The Trump administration announced a $20 billion reinsurance program through the U.S. International Development Finance Corporation (DFC) to cover maritime losses in the Persian Gulf, as U.S. crude oil prices surged more than 12% Friday to above $90 per barrel amid halted tanker traffic through the Strait of Hormuz.
- The DFC will insure losses up to $20 billion on a rolling basis for oil tankers and other maritime vessels operating in the region.
- The DFC and U.S. Treasury are coordinating with U.S. Central Command to implement the program.
- Tanker traffic in the Persian Gulf remains largely at a standstill due to the Iran conflict, with several vessels reportedly attacked in recent days.

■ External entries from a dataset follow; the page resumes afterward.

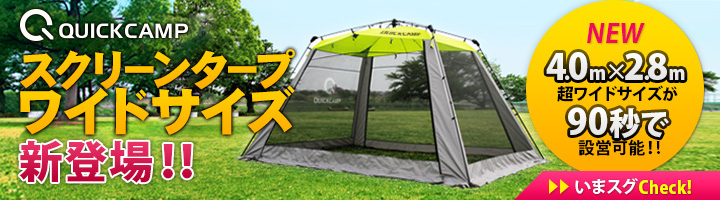 先日ブログでご紹介しておりました4Mサイズのワイドスクリーンタープ入荷いたしました!一緒に新色イエローの3人用テントがたっぷりとグリーンも70張だけ入荷しています。グリーンは2日くらいで完売します。。。。(T T)是非新色のイエローをご検討くださいませっ><ちなみに、フルフラップとのセットがお勧めです。アウトドアデイで接客させていただいたお客様も10名くらい「入荷したら買う!」とおっしゃってくださいました。キャノピーポールがあればフラップはキャノピーとしても使えます。 セットのフラップは2枚付き(フロントとサイド)ですが、フラップ追加購入いただければフルクローズにもできます。普通にフラップとして使うとこんな感じ上の画像はサンプルで撮影しているので、実物にはQUICKCAMPのロゴ入ります。3Mサイズ(フルクローズ)もキャノピー仕様可能です。個人的にはフルクローズしなくて良いので4Mサイズが好みです。ちなみに、風に弱い?というお声を良く聞きますが、コールマンのインスタントシェード等を含めこのタイプは風のある場所ではペグとロープ固定を前提としています。ロープ張れば全然大丈夫です!ではでは☆【送料無料】クイックキャンプ ワンタッチ ワイドスクリーンタープ 4m×2.8m UVカット タープテント QC-SS400 【QUICKCAMP スクリーンシェード ワンタッチテント サンシェード】 【espb】 6/13動画撮影しました!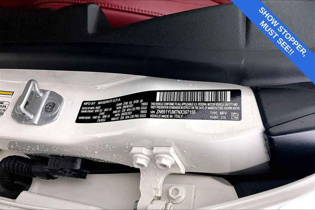 This Levante Modena is equipped with a host of advanced safety and convenience features, including a 360° View Parking Camera, Blind Spot Warning/Intervention, Lane Departure Warning/Prevention, and Pre-Collision Warning/Prevention, keeping you and your passengers safe and secure on the road.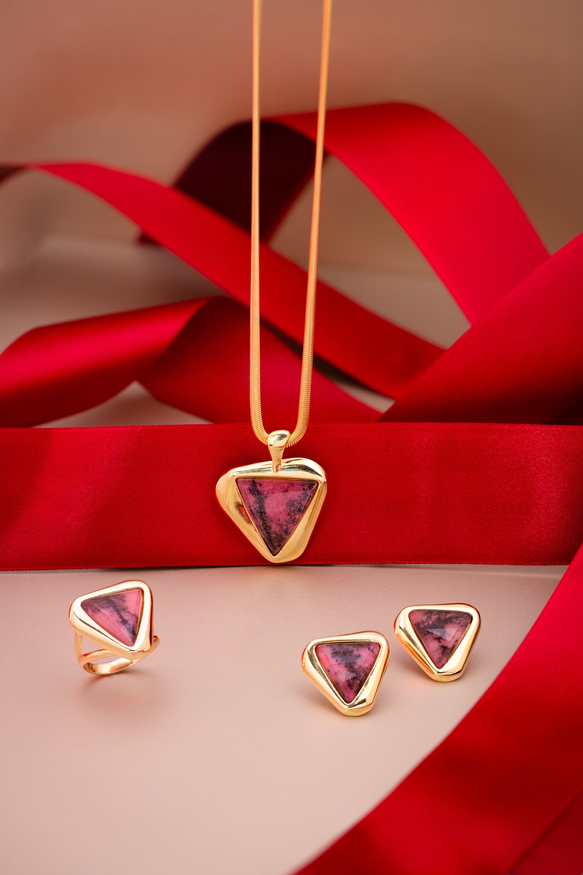 Stones: Faceted Rhodonite, 15x16 mm (studs) and 20x22 mm (pendant)

- Some Gulf producers have begun cutting output as exports through the Strait are disrupted.
- The Strait of Hormuz handles roughly 20% of global crude oil consumption and about 20% of global liquefied natural gas exports.
- President Donald Trump previously said the U.S. would provide insurance support and Navy escorts to commercial vessels if needed.
Relevant Companies
- Exxon Mobil ($XOM) – Major global crude producer with exposure to international oil markets.
- Chevron ($CVX) – Integrated oil company impacted by global crude price movements and Middle East supply flows.
- Cheniere Energy ($LNG) – U.S. LNG exporter potentially affected by global LNG trade disruptions through the Strait.
Editor’s Note: This is a developing story. This article may be updated as more details become available.